## [Given information]
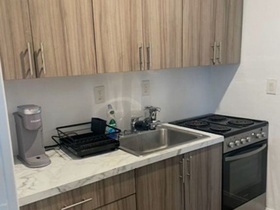 Fully equipped kitchen with a new stove, microwave, Keurig coffee maker, and refrigerator
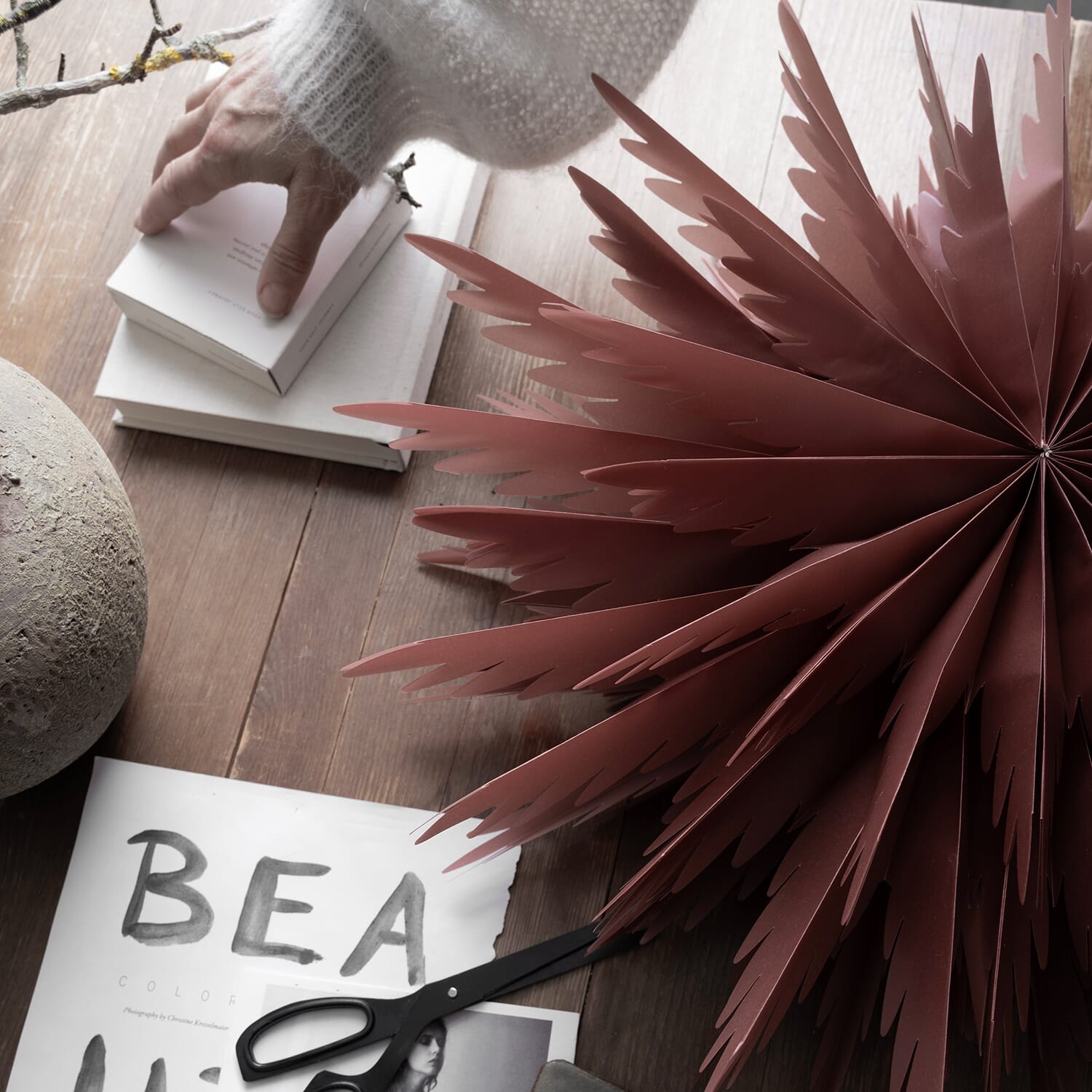 Gi hjemmet ditt en varm og lun atmosfære med Liz 50 Red Ochre. Den dyp-røde tonen i det semitransparente papiret gir et mykt og stemningsfullt lys som vekker følelsen av julens magi. Hver stjerne er nøye brettet for hånd og leveres i en elegant, hvit forpakning – perfekt som gave eller som en stilig detalj i ditt eget hjem.
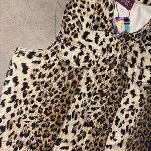 Vintage Denim & Co Leopard Print Jean Vest L

## [Work to be completed]
Transcribe every line from the one containing "Gi hjemmet ditt" to the end of the listing, exactly and exclusively. Do not carry any picture over.

## [Result]
 Gi hjemmet ditt en varm og lun atmosfære med Liz 50 Red Ochre. Den dyp-røde tonen i det semitransparente papiret gir et mykt og stemningsfullt lys som vekker følelsen av julens magi. Hver stjerne er nøye brettet for hånd og leveres i en elegant, hvit forpakning – perfekt som gave eller som en stilig detalj i ditt eget hjem.
 Vintage Denim & Co Leopard Print Jean Vest L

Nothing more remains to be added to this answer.